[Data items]
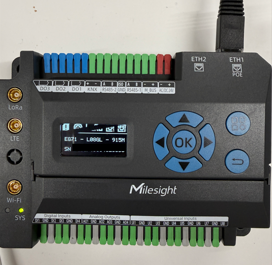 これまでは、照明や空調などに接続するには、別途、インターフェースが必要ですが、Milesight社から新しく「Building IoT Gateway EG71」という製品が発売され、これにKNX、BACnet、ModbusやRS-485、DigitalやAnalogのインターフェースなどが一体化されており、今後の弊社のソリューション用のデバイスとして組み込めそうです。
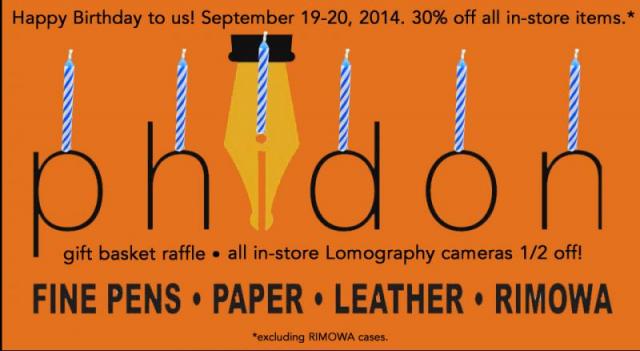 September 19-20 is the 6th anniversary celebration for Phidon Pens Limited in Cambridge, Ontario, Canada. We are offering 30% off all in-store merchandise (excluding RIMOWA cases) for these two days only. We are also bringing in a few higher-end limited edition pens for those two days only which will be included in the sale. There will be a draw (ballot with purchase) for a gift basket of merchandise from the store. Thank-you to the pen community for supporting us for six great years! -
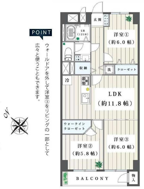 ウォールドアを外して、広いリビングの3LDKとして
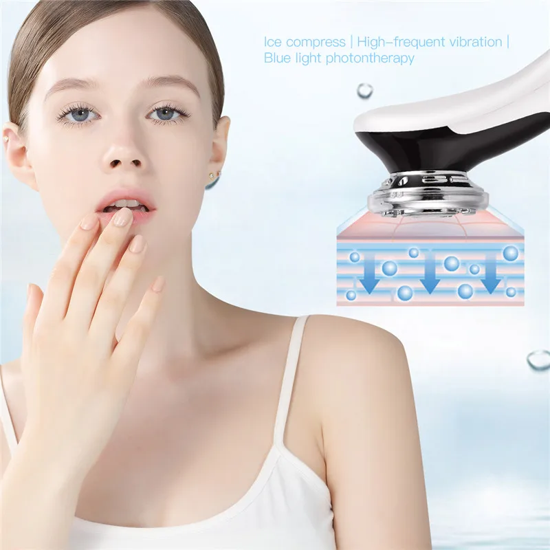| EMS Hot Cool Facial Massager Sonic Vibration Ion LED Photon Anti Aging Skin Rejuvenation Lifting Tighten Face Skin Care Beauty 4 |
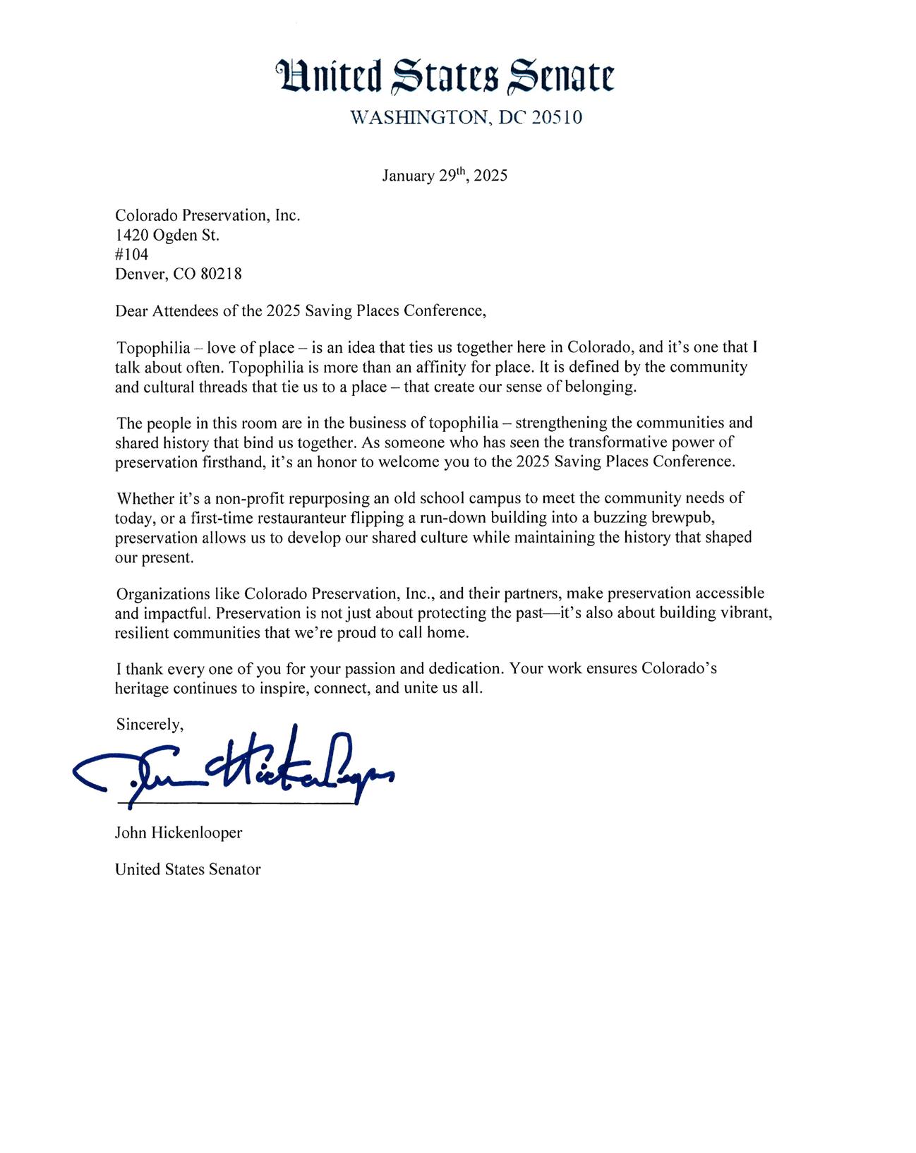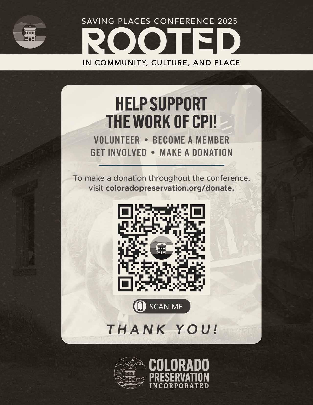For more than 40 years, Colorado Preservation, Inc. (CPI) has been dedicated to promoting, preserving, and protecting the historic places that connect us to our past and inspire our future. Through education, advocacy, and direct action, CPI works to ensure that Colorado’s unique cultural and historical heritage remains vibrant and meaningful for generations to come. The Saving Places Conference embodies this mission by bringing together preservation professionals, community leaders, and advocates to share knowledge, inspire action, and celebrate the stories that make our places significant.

▶ **INSTRUCTIONS FOR THE TASK**
Copy out the records exactly; the pictures stay behind.

▶ **THE COMPLETED TASK**
 これまでは、照明や空調などに接続するには、別途、インターフェースが必要ですが、Milesight社から新しく「Building IoT Gateway EG71」という製品が発売され、これにKNX、BACnet、ModbusやRS-485、DigitalやAnalogのインターフェースなどが一体化されており、今後の弊社のソリューション用のデバイスとして組み込めそうです。
 September 19-20 is the 6th anniversary celebration for Phidon Pens Limited in Cambridge, Ontario, Canada. We are offering 30% off all in-store merchandise (excluding RIMOWA cases) for these two days only. We are also bringing in a few higher-end limited edition pens for those two days only which will be included in the sale. There will be a draw (ballot with purchase) for a gift basket of merchandise from the store. Thank-you to the pen community for supporting us for six great years! -
 ウォールドアを外して、広いリビングの3LDKとして
| EMS Hot Cool Facial Massager Sonic Vibration Ion LED Photon Anti Aging Skin Rejuvenation Lifting Tighten Face Skin Care Beauty 4 |
For more than 40 years, Colorado Preservation, Inc. (CPI) has been dedicated to promoting, preserving, and protecting the historic places that connect us to our past and inspire our future. Through education, advocacy, and direct action, CPI works to ensure that Colorado’s unique cultural and historical heritage remains vibrant and meaningful for generations to come. The Saving Places Conference embodies this mission by bringing together preservation professionals, community leaders, and advocates to share knowledge, inspire action, and celebrate the stories that make our places significant.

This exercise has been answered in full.